Was ist Multiple Sklerose?

Kapitel
  1. 1. Überblick
  2. 2. Ursachen
  3. 3. Symptome
  4. 4. Diagnose
  5. 5. Therapie
  6. 6. Multiple Sklerose – Experteninterview

Was ist Multiple Sklerose (MS)? Die Erkrankung ist eine der häufigsten des Nervensystems. Doch nicht jeder MS-Patient landet im Rollstuhl – etwa ein Drittel der Betroffenen hat auch nach einem längeren Krankheitsverlauf keine wesentlichen Behinderungen.

 

Was ist Multiple Sklerose?

Multiple Sklerose (kurz: MS) ist eine Erkrankung, bei der sich bestimmte Teile von Nervenfasern (Myelin- oder Markschicht) im zentralen Nervensystem – also dem Gehirn und Rückenmark – entzünden. Diese Entzündungen breiten sich immer weiter aus (Dissemination) und führen zu Entzündungsherden an verschiedenen Nervenfasern des zentralen Nervensystems. Diese Herde können nur etwa so klein wie der Kopf einer Stecknadel sein oder auch den Durchmesser eines Euro-Stücks haben. Doch um die Frage „Was ist Multiple Sklerose?“ wirklich beantworten zu können, muss man sich ansehen, was die Krankheit im Nervensystem genau auslöst.

Junge Frau mit MS
Was ist Multiple Sklerose und wann bricht die Krankheit aus? Die Patienten sind meist zwischen 20 und 40 Jahre alt © Fotolia

Was ist Multiple Sklerose? Die Facherklärung: Die Myelinschicht besteht aus Fetten, Eiweißen und Wasser.
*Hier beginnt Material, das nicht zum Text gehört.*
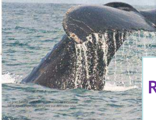
La gran ballena jorobada que vive en las costas de Chocó sale a aguas profundas para parir sus delicadas crías

En Chocó, la naturaleza nos lleva de una pequeña criatura a una descomunal, de más de 40 toneladas, que deambula frente a El Al-

Sie umhüllt die Nerven und verbessert die Reizweiterleitung. Die ständigen (chronischen) Entzündungen bei Multiple Sklerose führen dazu, dass die Myelinschicht zurückgeht und irgendwann komplett fehlt („Entmarkung“). In der Folge funktioniert die Reizweiterleitung immer schlechter, was vielfältige Beschwerden hervorrufen kann. Andere medizinische Namen für die Multiple Sklerose lauten Encephalomyelitis disseminata und Polysklerose.

 

Multiple Sklerose immer häufiger bei Kindern und Jugendlichen

Was also ist Multiple Sklerose und wie oft tritt die Krankheit auf? In Deutschland gibt es Schätzungen zufolge etwa 122.000 Multiple Sklerose Kranke. Die Patienten sind meist zwischen 20 und 40 Jahre alt, wenn die Multiple Sklerose Symptome hervorruft und festgestellt wird. Multiple Sklerose kann aber auch schon in der Pubertät auftreten. Erkrankungen mit neurologischen Symptomen vor dem zehnten Lebensjahr sind selten, denn vermutlich dauert es etwa zehn Jahre, bis nach den ersten Veränderungen im zentralen Nervensystem spürbare Symptome auftreten. Nach dem 45. Lebensjahr sinkt das Risiko, eine Encephalomyelitis disseminata zu entwickeln, deutlich. In den letzten Jahren wird Multiple Sklerose jedoch immer häufiger bei Kindern und Jugendlichen sowie bei über 45-Jährigen festgestellt.